Exact reproduction of the data is required, with images excluded.

————————

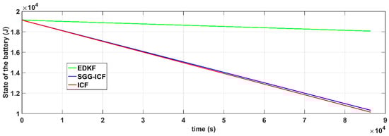 State of charge of sensor node’s battery for the selected DKF implementations: (a) EDKF, (b) ICF, (c) SGG-ICF.
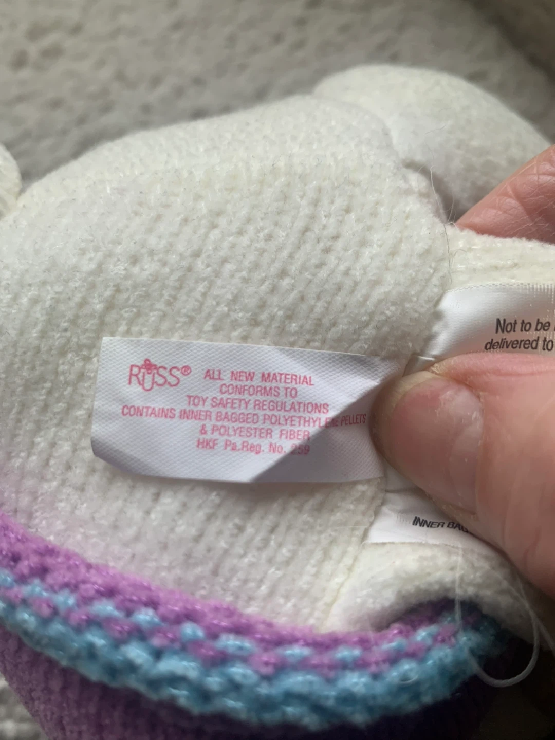 Adorably sweet Boodles stuffed bunny toy wearing a pink hat and purple sweater. It's made of polyester fibers. Surface washable for easy care.
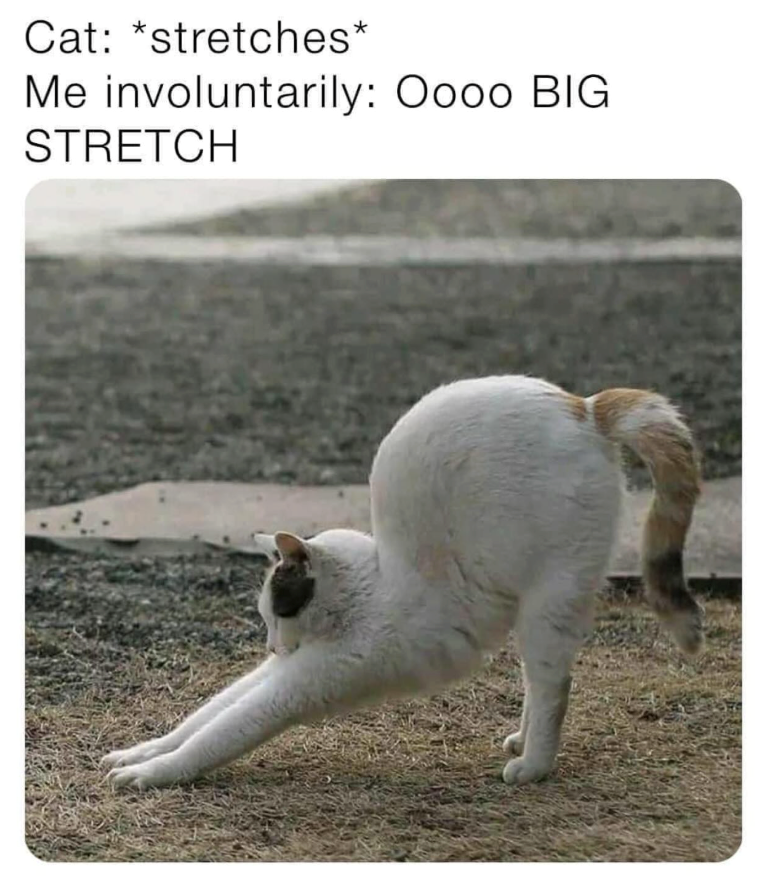No matter the size of the cat, the stretch is always dramatic. Tiny kitten or chunky floof, every stretch looks like the most important part of their day.
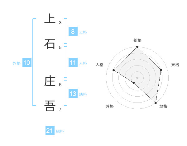 上石 庄吾さんの総格は21画の5点!
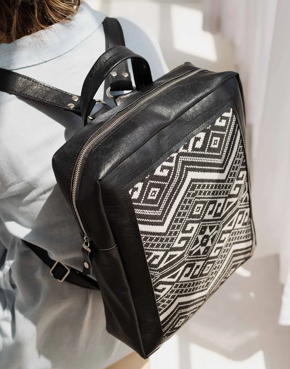 کوله پشتی چرم مصنوعی و پارچه دستبافت مدل اردیبهشت

————————

▶ **SOLUTION BELOW**:
 State of charge of sensor node’s battery for the selected DKF implementations: (a) EDKF, (b) ICF, (c) SGG-ICF.
 Adorably sweet Boodles stuffed bunny toy wearing a pink hat and purple sweater. It's made of polyester fibers. Surface washable for easy care.
No matter the size of the cat, the stretch is always dramatic. Tiny kitten or chunky floof, every stretch looks like the most important part of their day.
 上石 庄吾さんの総格は21画の5点!
 کوله پشتی چرم مصنوعی و پارچه دستبافت مدل اردیبهشت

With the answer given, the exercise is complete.